I can't tell you anymore what the specific reactions were or to what parts of the movie, other than they were stark. Maybe I can say that in Ann Arbor there was an air of sadness and in Royal Oak everyone was just agreeing with Baldwin, affirming “I know that's right” with their response. It's not that anyone in either audience was being told something they didn't know necessarily, but the white audience maybe felt a little shame, and the black audience was saying “finally, someone is saying this.” I don't want to put words in anyone's mouth with five year old recollections, but those two screenings crystallized something in me that I often think or even say I know, but still have a visceral reaction to when put in front of me. That's the power of cinema.
So you can't run out to the cinema right now, even though if you're reading this you probably want to. But perhaps let it serve as a reminder that the cinemas need your money too. Netflix and Disney+ and the rest are great, but they can't replace going to the movies. Really nothing can, and we all desperately need to remember that. Support your local arthouse especially. Seeing Indiana Jones or Casablanca or 2001 or even The Room is a different experience once you're in the dark and surrounded by strangers staring up at the same thirty foot tall screen. It's something that needs saving as much as anything we share collectively.
-------------------------------------------------------------------------------------------------------------------- February 9th, 2021
Vaccination Street
I'm fully vaccinated! I'm finally a 1%er! I'm invincible!
I feel like I have the appropriate guilt about being one of the first people to be vaccinated against COVID. I took a job 25 years ago because my roommate picked a flyer up off the ground at Angel Hall and kept that job when I graduated because they offered me health insurance and I needed it for my 3 year old. It's never paid overly well but the benefits were pretty good - never so much as now.

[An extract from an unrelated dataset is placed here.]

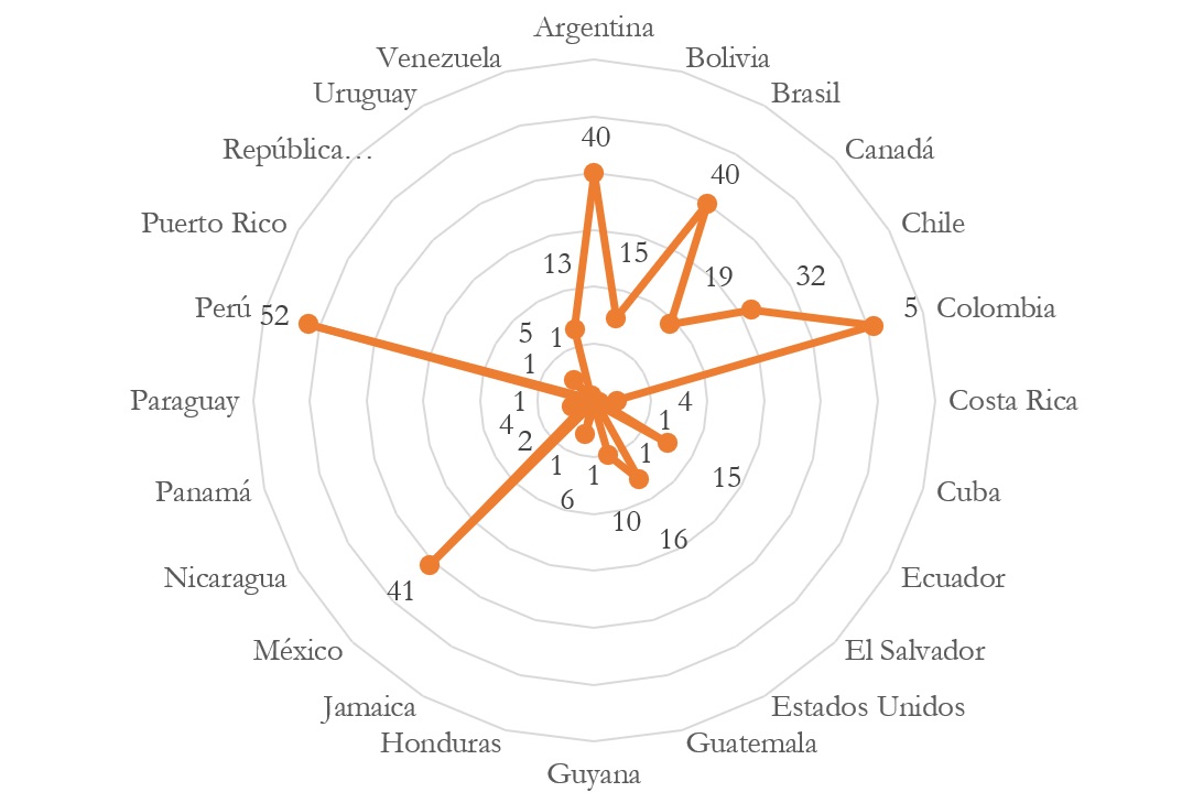 La violencia ejercida contra los defensores ambientales a escala global parece recrudecer en años recientes, siendo 2020 el año en el que se ha registrado el mayor número de homicidios de activistas, con 227 víctimas (Global Witness, 2021). Dentro del continente americano, ALC es una de las regiones más peligrosas para la defensa del territorio y el ambiente. Para 2022, 88% de los asesinatos de activistas ocurrieron en ALC, porcentaje que ubica a la región como la más peligrosa a nivel mundial para las personas defensoras de los derechos ambientales y los territorios (Global Witness, 2023). En años recientes, las naciones más mortíferas para la defensa del ambiente han sido Colombia, Brasil y Perú (Global Witness, 2023).

So I got lucky. The weight is somewhat lifted. The BDGF is only three weeks behind me, so soon it'll be even lighter. The weather will change and we can all go outside and it will be lighter still. There's no counting down the days because who the fuck knows, but I can imagine going to the movies. Imagine sitting at a bar. Imagine being in my house alone because all the other residents are out doing something.
The last year sucked. I'll never stop being angry at every asshole I know who voted for Trump who apparently wanted to see what happens when you face a crisis without leadership nor competency. I'll always be bewildered at every person I see not bothering to respect any of the protocols. I'm anxious and sad and tired and all of the things this has wrought. And as I've said, this fucking shit has affected me so little compared to most people.
Which is why I'm praying or hoping or wishing or whatever my functional equivalent is to all that nonsense that you all get to join me ASAP. I want you singing the baseline to Fascination Street as you confidently stride down the road. Having something to look forward to is one of the most important things in life, and as I wanted this for myself I just as badly want it for you, so we can go out for a drink toute suite. It's been too long.